**Action item:**
Below are records to repeat exactly. Omit the pictures from the copy.

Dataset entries
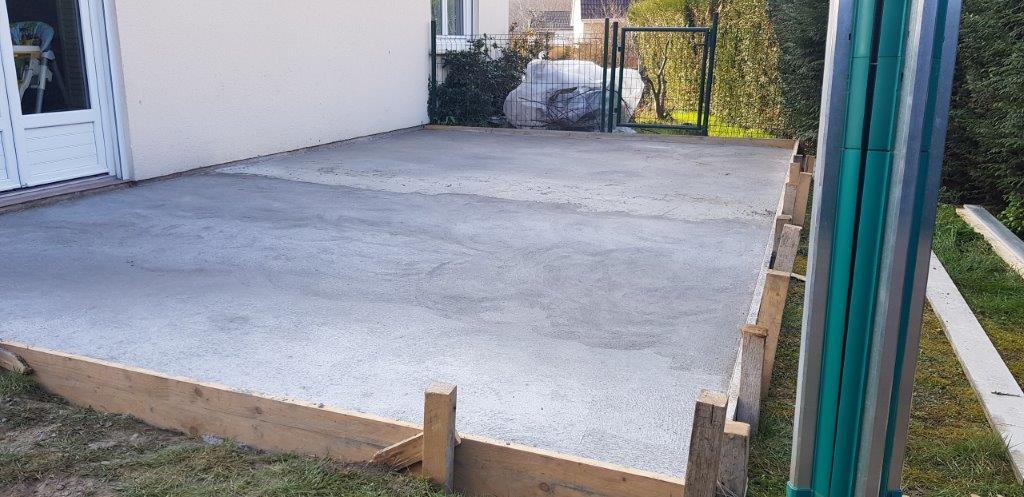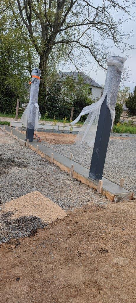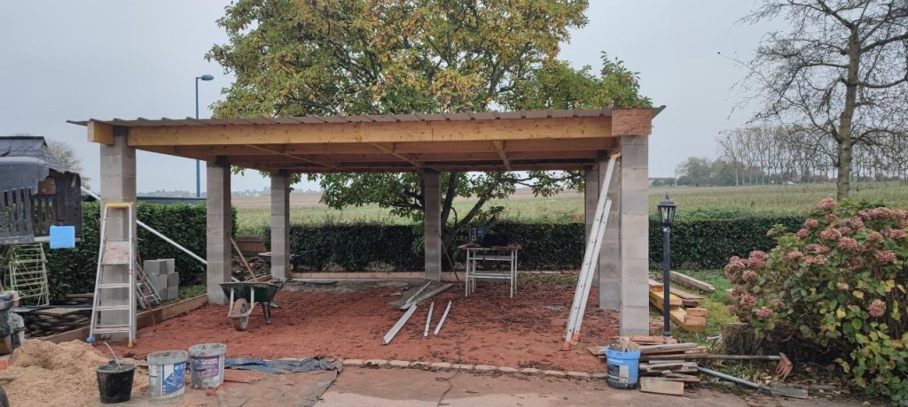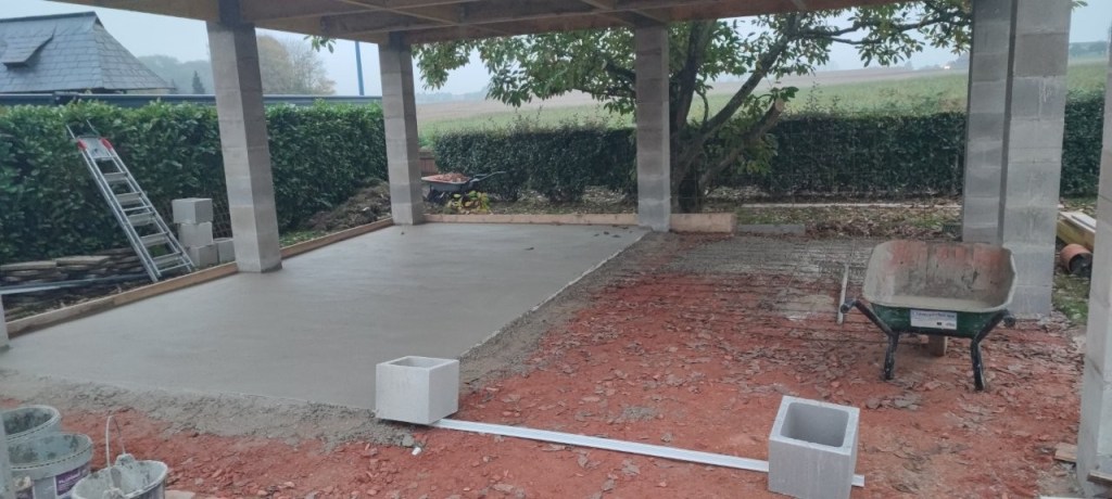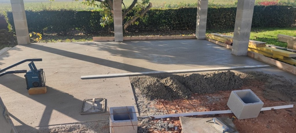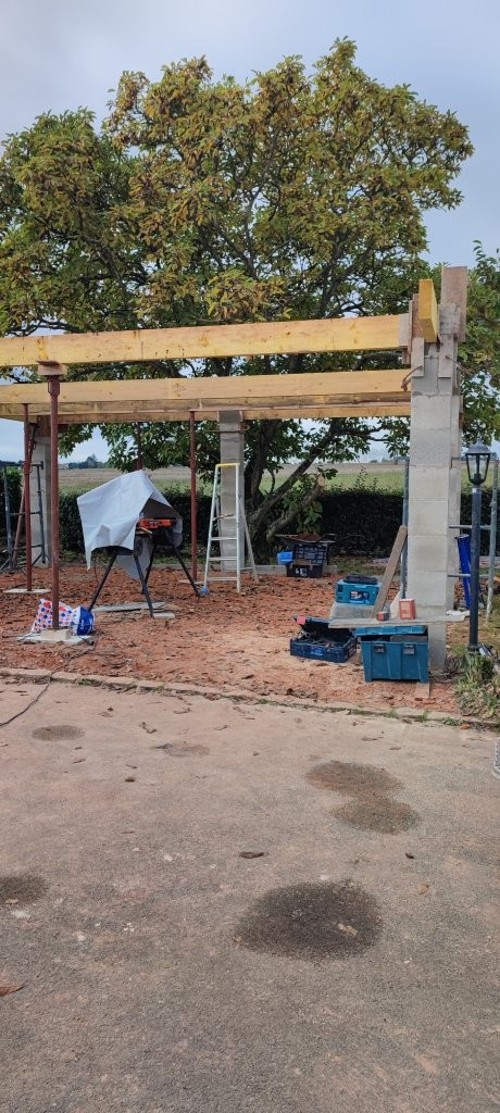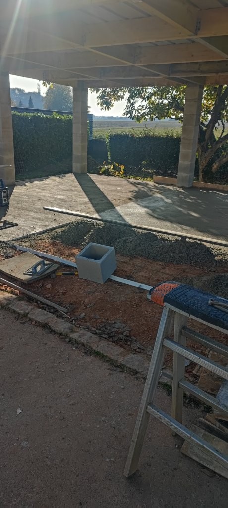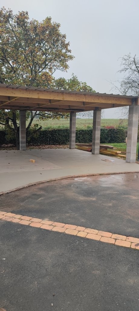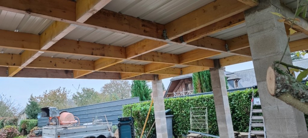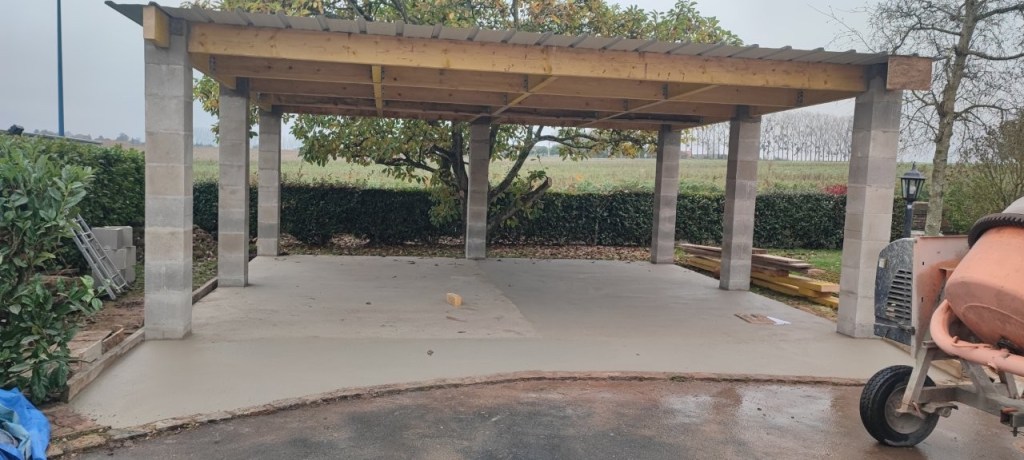 Réalisation d’un carport de 6m x5m. Poteaux armés et bétonnés. Madrillets 75×225, toiture bac acier et dallage de 10cm.
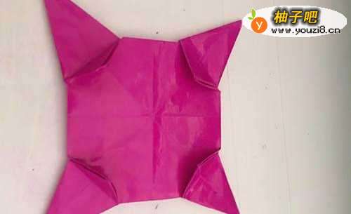 2第二步 折叠完之后 拿起彩纸角上的第一道折痕向里折叠一个小正方形 其它三个角都向里折叠一个小正方形
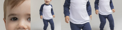 Baseball t-shirt with contrast sleeves and neck binding. Plain hem and cuffs. Twin needle stitching. Contrast plain pants with elasticated waist. Plain rib cuffs. Size tab only.
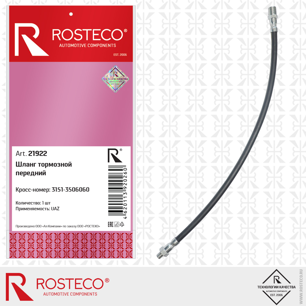 21922 ROSTECO Шланг тормозной передний (52 см) "Rosteco"
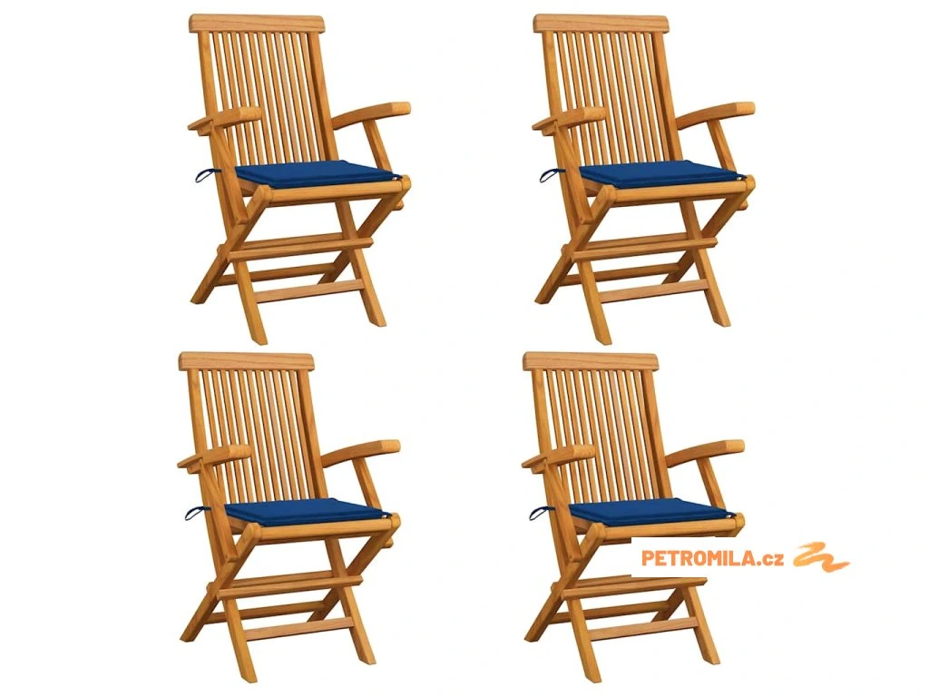 Zahradní židle s královsky modrými poduškami 4 ks masivní teak

**Result of the exercise:**
 Réalisation d’un carport de 6m x5m. Poteaux armés et bétonnés. Madrillets 75×225, toiture bac acier et dallage de 10cm.
 2第二步 折叠完之后 拿起彩纸角上的第一道折痕向里折叠一个小正方形 其它三个角都向里折叠一个小正方形
 Baseball t-shirt with contrast sleeves and neck binding. Plain hem and cuffs. Twin needle stitching. Contrast plain pants with elasticated waist. Plain rib cuffs. Size tab only.
 21922 ROSTECO Шланг тормозной передний (52 см) "Rosteco"
 Zahradní židle s královsky modrými poduškami 4 ks masivní teak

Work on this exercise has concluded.